3) Environment/location: This is more of a personal preference. I didn’t really bother considering this as much because by the time I narrowed down medical schools by #1 and #2, I had enough medical schools to apply to and didn’t want to take my chances whittling down the list even more. Plus, I’m not choosy with location (as long as I remain in the U.S.), and my adult-curiosity was using medical school as an opportunity to move to a new location and explore a new area. BUT for some, location is very important because it can affect how you do in medical school. That’s where you’re going to spend the next (at least) 4 years of your life eating, sleeping, learning, building connections with people and places, and connecting culturally. Do you want to be in a busy city vs. middle of nowhere, warm vs. cool weather, touristy vs. quiet suburbs, close to home vs. far away, etc.? I remember reading an applicant’s letter of interest to UC Riverside, expressing how important it was for her to remain close to home because of the connection and support she has with her family in the area. She ended up getting an interview (whether it turned into an acceptance is still unknown to me). So maybe you want to stay close to home, so you only apply to schools that are either in your home-state, or only one state away. I just applied everywhere, and basically dotted the map of the United States.

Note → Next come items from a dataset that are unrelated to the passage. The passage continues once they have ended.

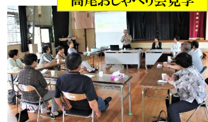
高尾おしゃべり会見学
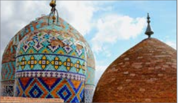
مسجد جامع بروجرد

الله و طرح ایجاد موزه‌های جدید در بقعه شیخ صفی‌الدین اردبیلی از قبیل موزه باستان‌شناسی بخش سکه و بخش اسناد را از دیگر طرح‌ها در این مجموعه عنوان کرد.
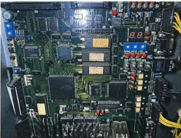
图 6：电梯主控电子板老化
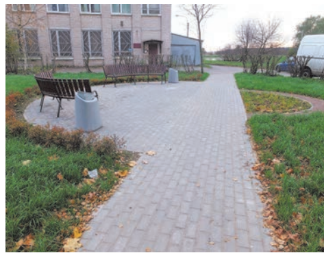
устройство зоны отдыха ул. Пионерстроя, д.21 к.2

Летом прошлого года была приведена в порядок территория внутриквартального озеленения по адресу: ул. Пионерстроя, д.21 к.2-д.23. Для комфорта наших жителей на данной территории выполнены устройство зоны отдыха с установкой уличных диванов, устройство пешеходной дорожки и цветника, восстановление газона.
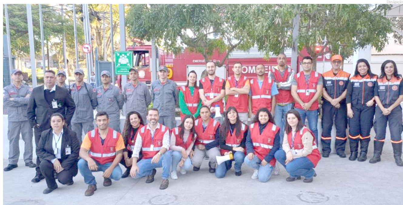
A Defesa Civil foi parceira do Senac, parabenizando o mesmo pela iniciativa

www.jornaltribunadonorte.com.br contato@jornaltribunadonorte.net
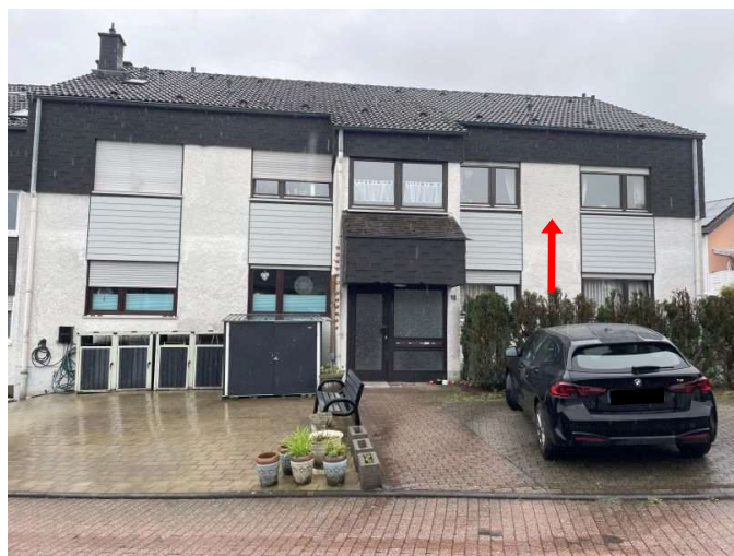
Franz-Martin-Straße 18, 20
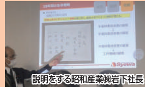
説明をする昭和産業岩下社長

また、19日(土)は、マルス穂坂ワイナリーにて醸造所を見学し、有意義な視察研修となりました。
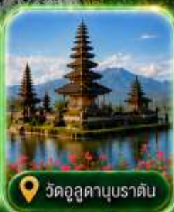
วัดอุสุदानุบราตัน
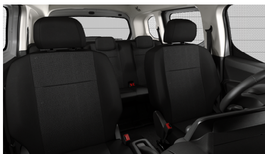
OAFY Unutrašnjost iz tkanine u sivi boji Mica

Predstavljene boje karoserija i preslake su informativne prirode, jer tehnike štampanja ne omogućavaju pouzdane reprodukcije boja.
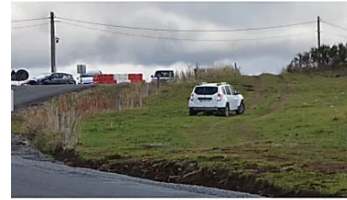
Tout est bon pour éviter la déviation
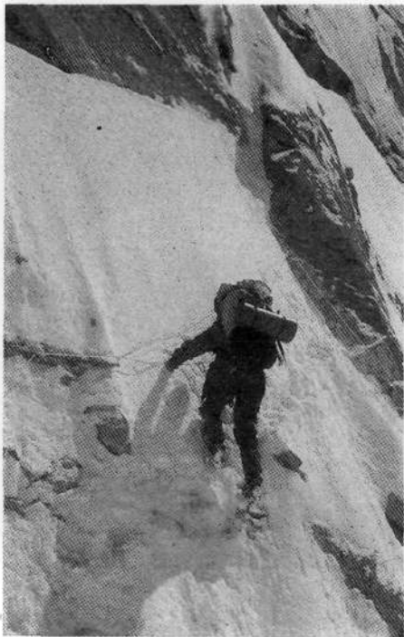
Prečnica pod Ptičjo glavo
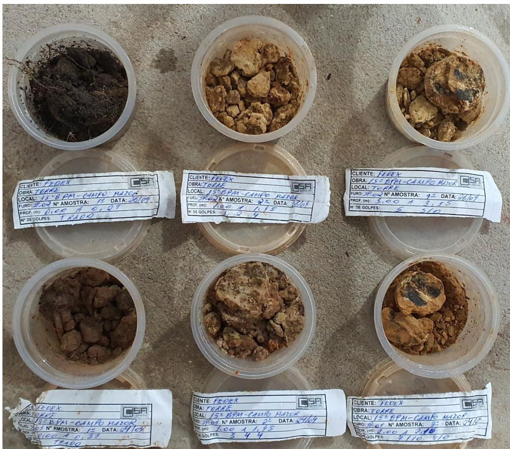
AMOSTRAS REPRESENTATIVAS DOS FUROS: SPT 01 E SPT 02 (VISUALIZAÇÃO: DE BAIXO PARA CIMA /ESQUERDA PARA DIREITA)
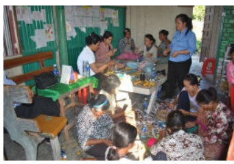
Membres de l'Association dans une formation de développement de produits
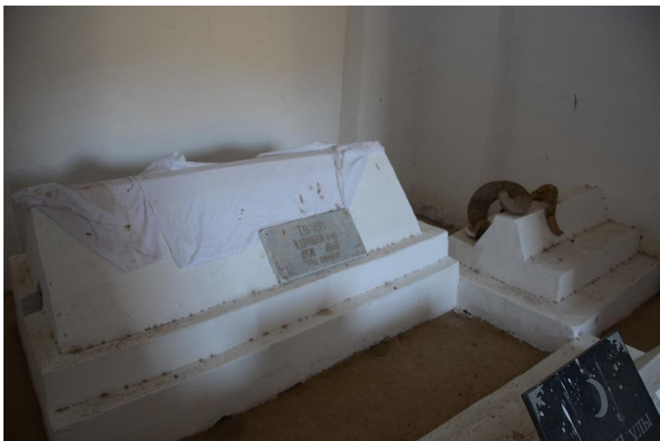
Рис. 5. Надгробия в усыпальнице мавзолея Толена.

Согласно рассказам потомков Толена отец Төлена Қарабай проживал в районе Алтынтау, Кумісті, Аксумбе на северных склонах Караиау. После смерти отца Толен возглавил группу рода Божбан. Он был инициатором покупки урочища Огузтау за 350-400 баранов и перемещения своих сородичей в новый район, расположенный близко к г. Туркестану. При жизни Толена в период Кокандского ханства его сын Кобелек (Муса) становится волостным правителем. После смерти отца именно Кобелек заказал строительство мавзолея Толена. В настоящее время более 150 семей являются потомками Толена [14, 236-237 бб.].
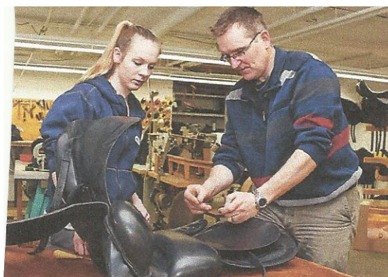
Abbildung 6 – Der Sattlerberuf heute

Anfang der 1950er Jahre gab es in Deutschland noch über 75.000 Sattlereibetriebe. Aufgrund der Motorisierung in der Landwirtschaft verschwanden sie innerhalb weniger Jahre fast zur Gänze, da dadurch Pferde praktisch überflüssig wurden. Heute gibt es in Oberösterreich nur mehr wenige Betriebe, deren Inhaber/innen zur Gänze von ihrem Handwerk leben. In den letzten 35 Jahren erfuhr mit der Wiederbelebung der Pferdenutzung im Hobby- und Sportbereich auch der Sattlerberuf eine Renaissance. Der/die Reitsportsattler/in stellt überwiegend Sättel, Riemenzeug, Fahrgeschirre und Zaumzeug her. Die weiteren Arbeitsbereiche der Sattler/innen sind heute Fahrzeugsattler/in und Feintäschner/in. Fahrzeugsattler/innen stellen neben Lederbezügen für Fahrzeugsitze auch komplette Autoinnenausstattungen, Planen und Cabrio-Verdecke her. Feintäschner/innen fertigen Aktentaschen, Geldbeutel sowie Taschen, Beutel und Koffer aus Leder oder Kunstleder.
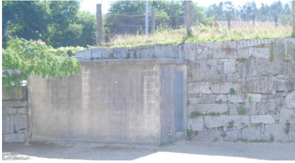
Figura 23. Lateral da caseta . Elaboración propia.
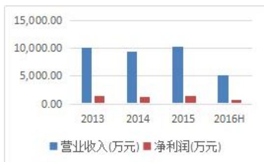
图一 营业收入及净利润(万元)
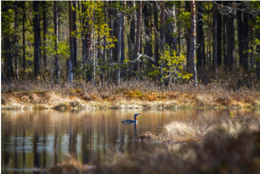
Smålom, Knuthöjdsmossen 2014.

Länsstyrelsen i Örebro län har bidragit med medel för reseersättningar i samband med fältarbetet.

4) Tuition: If you need help narrowing down your list even more, then maybe consider the tuition cost of schools. I only slightly took this into account because I wanted to be cautious and have it that I apply to more schools than less, by disregarding the tuition cost. If you didn’t already know, out-of-state tuition is usually much more expensive than in-state tuition. It can be a different of a few thousand, to almost ten thousand. But if you just want to compare tuition costs for out-of-state residents, some range from ~$35,000 to upwards of ~$58,000!! So maybe narrowing down the list of schools by tuition cost isn’t such a bad idea after all. However, they say that you’ll be in so much debt, what’s a few thousand more anyways?
I know there are potentially many more factors to consider, like research opportunities, class resources, grading system (pass/fail vs. grades), prestige, student opportunities outside the classroom, etc., but you can consider these things after you have received acceptances. I think the goal here is to apply to good range of appropriate schools.
**Schools are switching to a more holistic approach to evaluating applicants, so being viewed as a “competitive applicant” means more than just the numbers. But they are still an important part to your application.